Nos dice el Papa que "lo que para las generaciones anteriores era sagrado, también para nosotros permanece sagrado y grande y no puede ser improvisamente totalmente prohibido o incluso perjudicial" (5). Por eso es necesario que aquellos que se han dejado llevar por el anti espíritu del Concilio, que es un espíritu de ruptura con la Tradición de la Iglesia, del cual nos advierte el Sucesor de Pedro (6), reflexionen que  la Iglesia no nace en el Concilio.


Nuestra Señora del Carmen patrona de la Diócesis de Torreón 
Ora pro nobis

Hasta el momento, son pocos los obispos que han correspondido a la generosidad del Sumo Pontifice, por la sencilla razón de que aun existen ciertos temores que no tienen nada que ver con la intención del Papa. Es así que todavía después de tres años de la publicación del Motu Proprio Summorum Pontificum, muchos católicos tienen que padecer un verdadero viacrucis para poder acceder a la Santa Misa de Siempre. Es lamentable que el rechazo a la voluntad explicita del Santo Padre por parte de algunos episcopados, mas que por desobediencia, se debe a la ignorancia bastante extendida en lo relativo a la liturgia tradicional y al Motu Proprio del Papa Benedicto XVI.  Este es el caso de nuestra querida Diócesis de Torreón, en la que cualquier "experiencia" es permitida, excepto la misa tridentina. Confianza en Él, ¡Oh Pueblo!, en todo tiempo. Derramad ante Él vuestros corazones, porque Dios es nuestro refugio (Salmo 16, 4)

Sin embargo, a pesar de las dificultades que actualmente padecemos los fieles católicos que solicitamos la Santa Misa Tradicional en nuestra Diócesis, hoy mas que nunca estamos dispuestos a no quedarnos cruzados de brazos. Estamos comprometidos a seguir colaborando con el Papa Benedicto XVI, para dar a conocer a todos los católicos que buscan una vida espiritual mas profunda, los tesoros de la liturgia tradicional.  Instaurare Omnia in Christo (7).

Monseñor José Guadalupe Galvan Galindo obispo de Torreón.

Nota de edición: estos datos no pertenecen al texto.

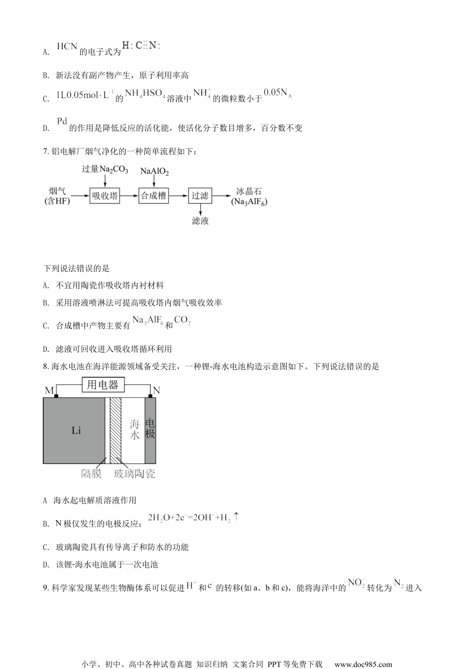 小学、初中、高中各种试卷真题知识归纳文案合同PPT等免费下载www.doc985.com湖南省2022年普通高中学业水平选择性考试化学注意事项:1.答卷前,考生务必将自己的姓名、准考证号填写在本试卷和答题卡上。2.回答选择题时,选出每小题答案后,用铅笔把答题卡上对应题目的答案标号涂黑。如需改动,用橡皮擦干净后,再选涂其他答案标号。回答非选择题时,将答案写在答题卡上,写在本试卷上无效。3.考试结束后,将本试卷和答题卡一并交回。可能用到的相对原子质量:H1C12N14O16S32Cl35.5K39Fe56Se79Ba137一、选择题:本题共10小题,每小题3分,共30分。在每小题给出的四个选项中,只有一项是符合题目要求的。1.化学促进了科技进步和社会发展,下列叙述中没有涉及化学变化的是A.《神农本草经》中记载的“石胆能化铁为铜”B.利用“侯氏联合制碱法”制备纯碱C.科学家成功将转化为淀粉或葡萄糖D.北京冬奥会场馆使用跨临界直冷制冰2.下列说法错误的是A.氢键,离子键和共价键都属于化学键B.化学家门捷列夫编制了第一张元素周期表C.药剂师和营养师必须具备化学相关专业知识D.石灰石是制造玻璃和水泥的主要原料之一3.聚乳酸是一种新型的生物可降解高分子材料,其合成路线如下:下列说法错误的是小学、初中、高中各种试卷真题知识归纳文案合同PPT等免费下载www.doc985.comA.B.聚乳酸分子中含有两种官能团C.乳酸与足量的反应生成D.两分子乳酸反应能够生成含六元环的分子4.化学实验操作是进行科学实验的基础。下列操作符合规范的是A.碱式滴定管排气泡B.溶液加热C.试剂存放D.溶液滴加A.AB.BC.CD.D5.科学家合成了一种新的共价化合物(结构如图所示),X、Y、Z、W为原子序数依次增大的短周期元素,W的原子序数等于X与Y的原子序数之和。下列说法错误的是A.原子半径:B.非金属性:C.Z的单质具有较强的还原性D.原子序数为82的元素与W位于同一主族6.甲基丙烯酸甲酯是合成有机玻璃的单体。旧法合成的反应:新法合成的反应:下列说法错误的是(阿伏加德罗常数的值为)小学、初中、高中各种试卷真题知识归纳文案合同PPT等免费下载www.doc985.comA.的电子式为B.新法没有副产物产生,原子利用率高C.的溶液中的微粒数小于D.的作用是降低反应的活化能,使活化分子数目增多,百分数不变7.铝电解厂烟气净化的一种简单流程如下:下列说法错误的是A.不宜用陶瓷作吸收塔内衬材料B.采用溶液喷淋法可提高吸收塔内烟气吸收效率C.合成槽中产物主要有和D.滤液可回收进入吸收塔循环利用8.海水电池在海洋能源领域备受关注,一种锂-海水电池构造示意图如下。下列说法错误的是A.海水起电解质溶液作用B.N极仅发生的电极反应:C.玻璃陶瓷具有传导离子和防水的功能D.该锂-海水电池属于一次电池9.科学家发现某些生物酶体系可以促进和的转移(如a、b和c),能将海洋中的转化为进入小学、初中、高中各种试卷真题知识归纳文案合同PPT等免费下载www.doc985.com大气层,反应过程如图所示。下列说法正确的是A.过程Ⅰ中发生氧化反应B.a和b中转移的数目相等C.过程Ⅱ中参与反应的D.过程Ⅰ→Ⅲ的总反应为10.室温时,用的标准溶液滴定浓度相等的、和混合溶液,通过电位滴定法获得与的关系曲线如图所示(忽略沉淀对离子的吸附作用。若溶液中离子浓度小于时,认为该离子沉淀完全。,,)。下列说法正确的是A.a点:有白色沉淀生成小学、初中、高中各种试卷真题知识归纳文案合同PPT等免费下载www.doc985.comB.原溶液中的浓度为C.当沉淀完全时,已经有部分沉淀D.b点:二、选择题,本题共4小题,每小题4分,共16分。在每小题给出的四个选项中,有一个或两个选项符合题目要求。全部选对的得4分,选对但不全的得2分,有选错的得0分。11.下列离子方程式正确的是A.通入冷的溶液:B.用醋酸和淀粉溶液检验加碘盐中的:C.溶液中加入产生沉淀:D.溶液与少量的溶液混合:12.反应物(S)转化为产物(P或P·Z)的能量与反应进程的关系如下图所示:下列有关四种不同反应进程的说法正确的是A.进程Ⅰ是放热反应B.平衡时P的产率:Ⅱ>ⅠC.生成P的速率:Ⅲ>ⅡD.进程Ⅳ中,Z没有催化作用13.为探究的性质,进行了如下实验(和溶液浓度均为)。实验操作与现象①在水中滴加2滴溶液,呈棕黄色...

Antes de concluir este balance en el tercer aniversario del Motu Proprio, quisiera agradecer de todo corazón al Santo Padre Benedicto XVI por haber recuperado los tesoros de la liturgia tradicional para toda la Iglesia Universal, que ha santificado a generaciones de hombres y mujeres en el curso de los Siglos. También deseo compartir este fragmento de la Carta del Papa dirigida a los Obispos del mundo, con motivo de la publicación de Summorum Pontificum, que hoy mas que nunca vale la pena reflexionar: 

"Mirando al pasado, a las divisiones que a lo largo de los siglos han desgarrado el Cuerpo de Cristo, se tiene continuamente la impresión de que en momentos críticos en los que la división estaba naciendo, no se ha hecho lo suficiente por parte de los responsables de la Iglesia para conservar o conquistar la reconciliación y la unidad; se tiene la impresión de que las omisiones de la Iglesia han tenido su parte de culpa en el hecho de que estas divisiones hayan podido consolidarse. Esta mirada al pasado nos impone hoy una obligación: hacer todos los esfuerzos para que a todos aquellos que tienen verdaderamente el deseo de la unidad se les haga posible permanecer en esta unidad o reencontrarla de nuevo. Me viene a la mente una frase de la segunda carta a los Corintios donde Pablo escribe: “Corintios, os hemos hablado con toda franqueza; nuestro corazón se ha abierto de par en par. No está cerrado nuestro corazón para vosotros; los vuestros sí que lo están para nosotros. Correspondednos; ... abríos también vosotros” (2 Cor 6,11-13). Pablo lo dice ciertamente en otro contexto, pero su invitación puede y debe tocarnos a nosotros, justamente en este tema. Abramos generosamente nuestro corazón y dejemos entrar todo a lo que la fe misma ofrece espacio" (8).


Notas
(1) Benedicto XVI, Motu Proprio Summorum Pontificum Art 1.
(2) Ibid, Artículo 2
(3)  Cardenal Castrillon Hoyos, entrevista a 30Giorni "Nova et Vetera".
(4)  Benedicto XVI, carta a los Obispos con motivo del Motu Proprio.
(5)  Ibid.
(6)  Benedicto XVI, Discurso a la Curia Romana 2005: «Por una parte existe una interpretación que podría llamar “hermenéutica de la discontinuidad y de la ruptura”; a menudo ha contado con la simpatía de los medios de comunicación y también de una parte de la teología moderna»
(7) "Restaurar todas las cosas en Cristo" Lema de San Pío X.
(8)  Benedicto XVI, carta a los Obispos con motivo del Motu Proprio.